Дойдя до оружия он принялся широкими взмахами размазывать масло по стволу, заливая палубу и одежду густыми темными потеками.
– Нудеж Везима, – начал перечислять Кандар, – Задница той красотки на носу. Скука. Дырявый навес…
– Это вентиляция, – вклинился в разговор один из братьев.
– Запах Везима, – покладисто добавил к списку еще один пункт сероглазый. – Еще дожди, сырость, холод, отсутствие баб и речные пороги, с которыми ты скоро познакомишься.
Закончив с насосом, он утащил тяжелое устройство в кривую пристройку на корме, служившую одновременно складом, машинным отделением и рабочим кабинетом Раскона, погромыхал там железками и вернулся на палубу.
– Как-то это все… приземленно, – заметил Брак. – Я успел в Приречье наслушаться всякого.
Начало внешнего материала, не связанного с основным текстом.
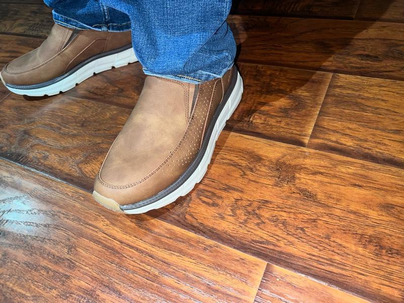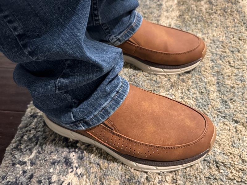 These Dockers GO-TIME slip-ons are a solid pick, featuring a polished brown leather upper with perforated details to keep my feet fresh. The cushioned sole makes every step very comfortable, whether I’m lounging at home, tackling a casual workday, or heading out for a relaxed date night. No laces to fuss with, and they pair great with khakis for a laid-back yet sharp look. Perfect for any occasion!

Схватки с опасными тварями, экспедиции в лес, речные бандиты.
– А, этого добра тоже хватает, – кивнул Кандар, плюхнувшись в плетеное кресло, стоящее у здоровенной железной полусферы жаровни. – Но это все такие мелочи, по сравнению с утренней сыростью. Бандит тебя убьет, тварь тебя сожрет, в лесу ты сдохнешь – но только сырость сделает твою жизнь настолько жалкой и ничтожной, что ты сам захочешь утопиться.